◆ What this task involves
Would you restate each line of the data below word for word, without its pictures?

◆ Source material

※ ※ ※

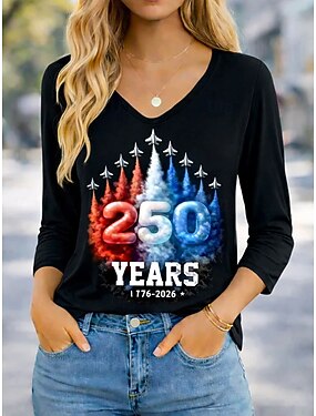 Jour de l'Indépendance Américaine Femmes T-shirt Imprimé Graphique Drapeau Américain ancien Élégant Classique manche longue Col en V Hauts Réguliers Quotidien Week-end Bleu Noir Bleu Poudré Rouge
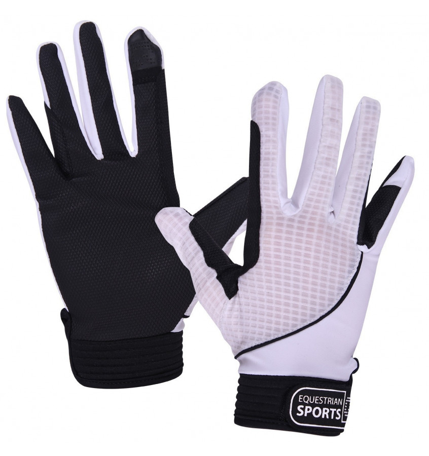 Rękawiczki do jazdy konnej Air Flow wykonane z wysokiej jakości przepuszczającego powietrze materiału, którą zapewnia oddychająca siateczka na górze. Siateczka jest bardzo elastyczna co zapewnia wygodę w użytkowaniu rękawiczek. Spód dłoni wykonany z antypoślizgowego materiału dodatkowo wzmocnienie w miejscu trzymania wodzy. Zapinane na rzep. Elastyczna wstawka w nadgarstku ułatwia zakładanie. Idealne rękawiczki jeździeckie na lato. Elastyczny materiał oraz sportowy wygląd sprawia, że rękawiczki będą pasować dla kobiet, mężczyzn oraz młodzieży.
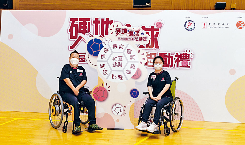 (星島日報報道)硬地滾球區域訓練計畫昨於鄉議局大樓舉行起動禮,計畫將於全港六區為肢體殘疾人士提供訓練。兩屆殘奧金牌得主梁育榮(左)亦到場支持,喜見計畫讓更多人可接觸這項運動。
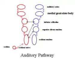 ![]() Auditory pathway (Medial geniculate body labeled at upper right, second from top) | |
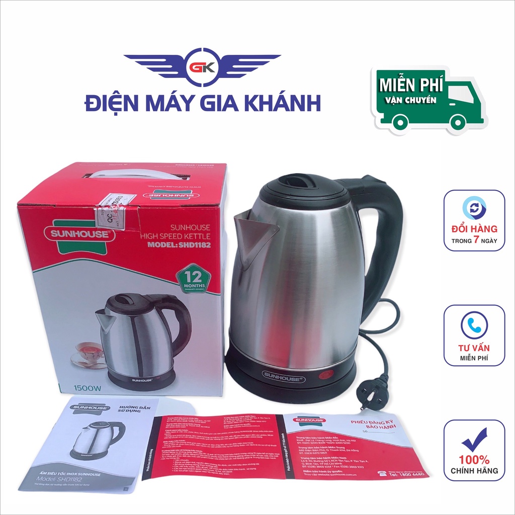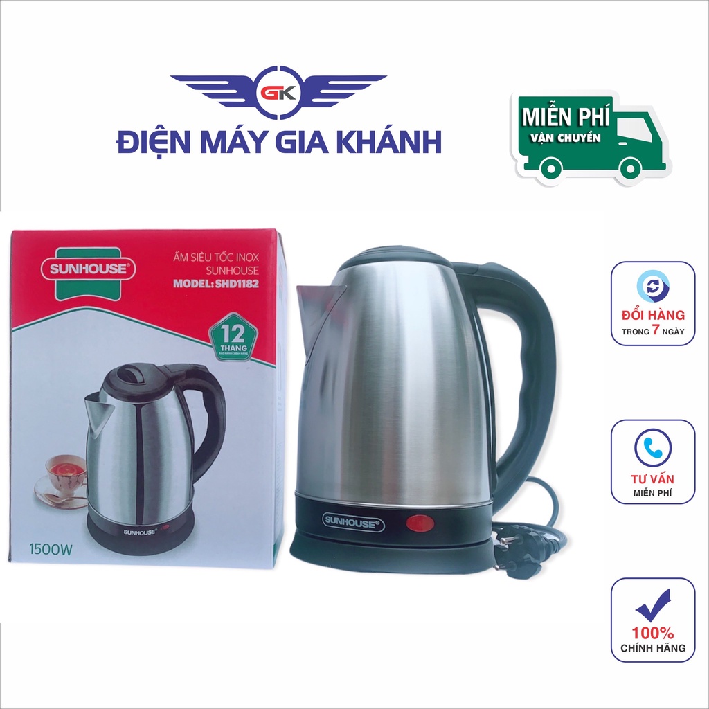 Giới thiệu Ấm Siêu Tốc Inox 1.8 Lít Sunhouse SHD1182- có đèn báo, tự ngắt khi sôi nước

※ ※ ※

◆ Written response
 Jour de l'Indépendance Américaine Femmes T-shirt Imprimé Graphique Drapeau Américain ancien Élégant Classique manche longue Col en V Hauts Réguliers Quotidien Week-end Bleu Noir Bleu Poudré Rouge
 Rękawiczki do jazdy konnej Air Flow wykonane z wysokiej jakości przepuszczającego powietrze materiału, którą zapewnia oddychająca siateczka na górze. Siateczka jest bardzo elastyczna co zapewnia wygodę w użytkowaniu rękawiczek. Spód dłoni wykonany z antypoślizgowego materiału dodatkowo wzmocnienie w miejscu trzymania wodzy. Zapinane na rzep. Elastyczna wstawka w nadgarstku ułatwia zakładanie. Idealne rękawiczki jeździeckie na lato. Elastyczny materiał oraz sportowy wygląd sprawia, że rękawiczki będą pasować dla kobiet, mężczyzn oraz młodzieży.
 (星島日報報道)硬地滾球區域訓練計畫昨於鄉議局大樓舉行起動禮,計畫將於全港六區為肢體殘疾人士提供訓練。兩屆殘奧金牌得主梁育榮(左)亦到場支持,喜見計畫讓更多人可接觸這項運動。
 ![]() Auditory pathway (Medial geniculate body labeled at upper right, second from top) | |
 Giới thiệu Ấm Siêu Tốc Inox 1.8 Lít Sunhouse SHD1182- có đèn báo, tự ngắt khi sôi nước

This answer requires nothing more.